> [Data]
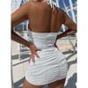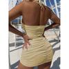 Vestido de verano de Amazon, nuevo, con cuello en V y espalda descubierta, estilo europeo y americano, sexy, con pliegues y caderas.
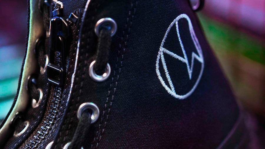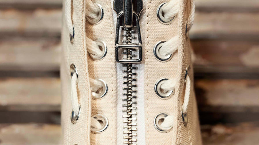 鞋面采用帆布物料打造,有黑、白两款配色。鞋面设计酷似近期的 E.U. x Air Force 1,通过鞋带穿插将拉链固定在鞋面上,取代传统的绑带系统,方便穿脱的同时带来强烈机能感。拉链末端还加入金属环设计,与 Cult 电影的叛逆主题相符。
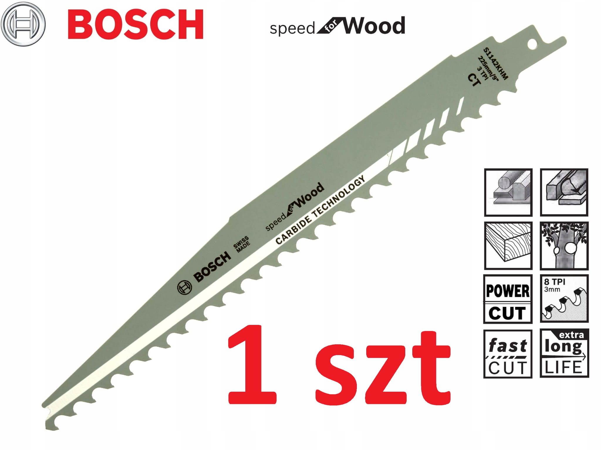Bosch S1142KHM Brzeszczot do Drewna 225mm Carbide
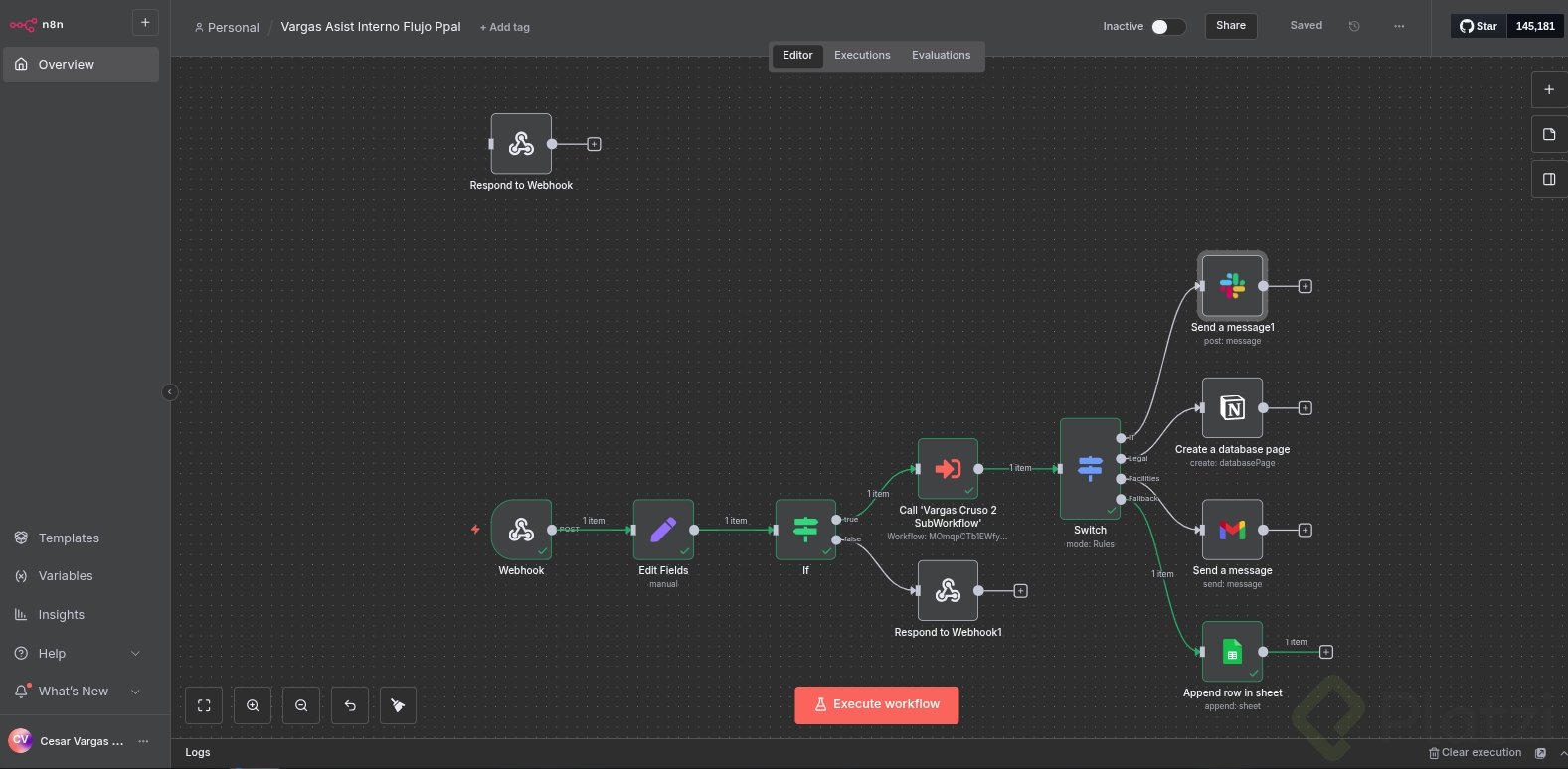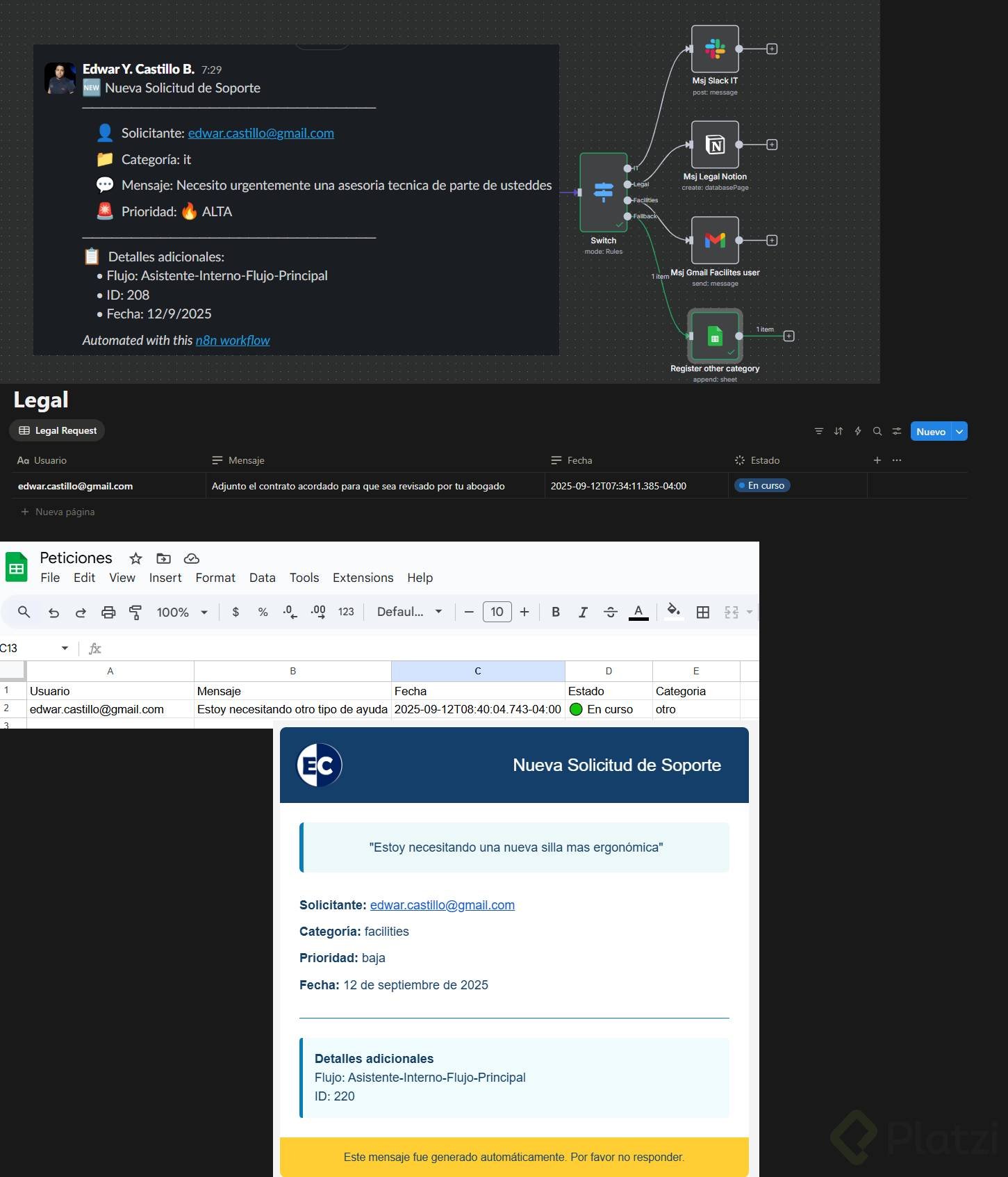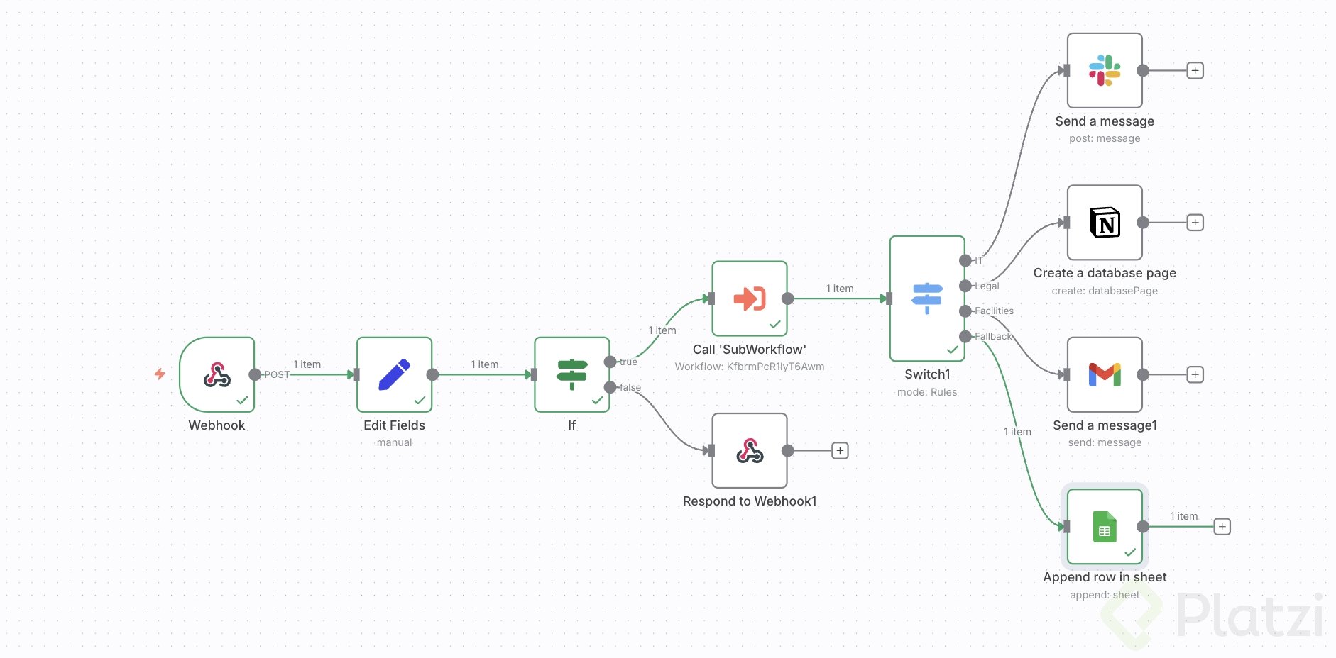 Cada ruta realiza una acción concreta y trazable. Usa credenciales, recurso y operación correctos en cada nodo. Mantén los mensajes y registros con campos consistentes: usuario, mensaje, prioridad, fecha y categoría.
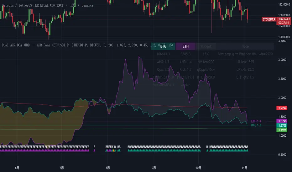 A panel indicator designed for dual-asset BTC/ETH DCA (Dollar Cost Averaging) decisions.

> [Work to complete]
Without including any picture, set down every line above exactly as it stands.

> [Response area]
 Vestido de verano de Amazon, nuevo, con cuello en V y espalda descubierta, estilo europeo y americano, sexy, con pliegues y caderas.
 鞋面采用帆布物料打造,有黑、白两款配色。鞋面设计酷似近期的 E.U. x Air Force 1,通过鞋带穿插将拉链固定在鞋面上,取代传统的绑带系统,方便穿脱的同时带来强烈机能感。拉链末端还加入金属环设计,与 Cult 电影的叛逆主题相符。
Bosch S1142KHM Brzeszczot do Drewna 225mm Carbide
 Cada ruta realiza una acción concreta y trazable. Usa credenciales, recurso y operación correctos en cada nodo. Mantén los mensajes y registros con campos consistentes: usuario, mensaje, prioridad, fecha y categoría.
 A panel indicator designed for dual-asset BTC/ETH DCA (Dollar Cost Averaging) decisions.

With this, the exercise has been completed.